Шрифт:
КНИГА ШЕСТАЯ
«АНТУАНЕТТА»
Жанены принадлежали к числу тех старых французских семей, которые веками живут в одном и том же захолустном уголке и хранят чистоту рода от посторонних вторжений. Несмотря на перемены, происшедшие в обществе, таких семей во Франции больше, чем можно предположить. Они сами не сознают, какими глубокими корнями вросли в почву, от которой их может оторвать только сильная встряска. В этой их привязанности соображения рассудка не играют никакой роли, соображения выгоды — очень малую, а умиление перед исторической стариной свойственно лишь кучке просвещенных литераторов. Но всех, как самых невежественных, так и самых образованных, одинаково связывает неразрывными узами глубокое и могучее чувство, подсказывающее им, что они испокон веков — частица этой земли, живут ее жизнью, вдыхают ее воздух, слышат у своей груди биение ее сердца, как два существа, лежащие рядом на общем ложе, улавливают каждое ее содрогание, малейшие оттенки, которыми отличаются друг от друга часы суток, времена года, погожие и хмурые дни, голоса и молчание природы. При этом и местность может быть не из самых красивых, и живется там не очень легко, но к ней привязываешься тем крепче, чем проще, чем смиреннее там природа, чем ближе она к человеку и чем яснее говорит ему родным, задушевным языком.
Такой была
Жанены жили здесь с незапамятных времен. Их род удалось проследить в архивах города и окрестностей вплоть до XVI века благодаря неизбежному двоюродному дедушке, который посвятил свою жизнь составлению родословной этих безвестных тружеников: крестьян, деревенских ремесленников, а позднее сельских писцов и нотариусов, в конце концов осевших в субпрефектуре округа, где Огюстен Жанен, отец нынешнего Жанена, преуспел в качестве банковского дельца; это был человек ловкий, по-крестьянски упорный и с хитрецой, в общем честный, но без чрезмерной щепетильности, неутомимый работник и прожигатель жизни; своим лукавым добродушием, прямотой и богатством он умудрился внушить к себе почтение и страх на десять лье в окружности.
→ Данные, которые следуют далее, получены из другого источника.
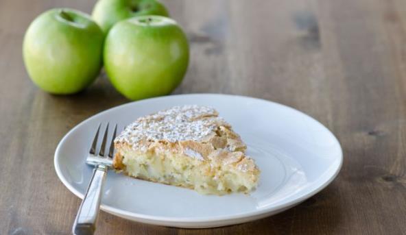 4. Kad je kolač gotov, ostavite ga u kalupu desetak minuta, a potom ga okrenite na tanjir za posluživanje tako da jabuke budu na vrhu. Pospite šećerom u prahu i cimetom i uživajte!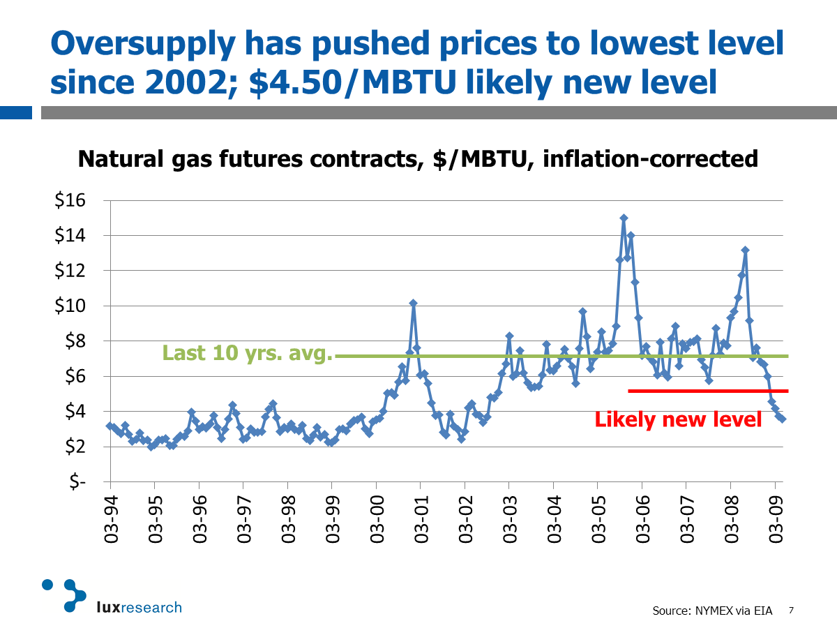 I vividly remember presenting this data in the boardroom of a prominent east coast venture capital firm in early 2009. The partners there knew a lot more than I did about the oil and gas industry, so I approached the talk humbly. If this increase in supply persisted, I said, think of the possibilities! The 10-year average price of natural gas was about $7/mmbtu, but the price going forward could be more like $4.50:

Приземистый, коренастый, кряжистый, с мясистым, красным, в оспинах лицом и быстрыми глазками, он в молодости слыл большим любителем слабого пола да и под старость не совсем утратил вкус к женщинам. Он любил вольные шутки, любил хорошо поесть. Стоило посмотреть на него за столом в обществе его сына Антуана и нескольких старых приятелей того же пошиба — мирового судьи, нотариуса, настоятеля собора (старик Жанен вел яростную кампанию против церкви, но охотно водил компанию со служителями церкви, если те были люди компанейские): все это были молодцы точно на подбор, как и подобало землякам Рабле. Гул стоял от забористых острот, от стука кулаками по столу, от раскатов хохота. Их безудержное веселье передавалось прислуге на кухне и соседям на улице.
Но однажды в знойный летний день старик Огюстен вздумал спуститься в погреб без пиджака, чтобы самому разлить вино по бутылкам, и схватил воспаление легких. В одни сутки убрался он в иной мир, в который не очень-то верил, упокоился, напутствуемый надлежащими церковными таинствами, как и полагается провинциальному буржуа-вольнодумцу: в последнюю минуту он на все готов согласиться, лишь бы бабье к нему не приставало, тем более что самому-то ему наплевать… А кстати, кто знает…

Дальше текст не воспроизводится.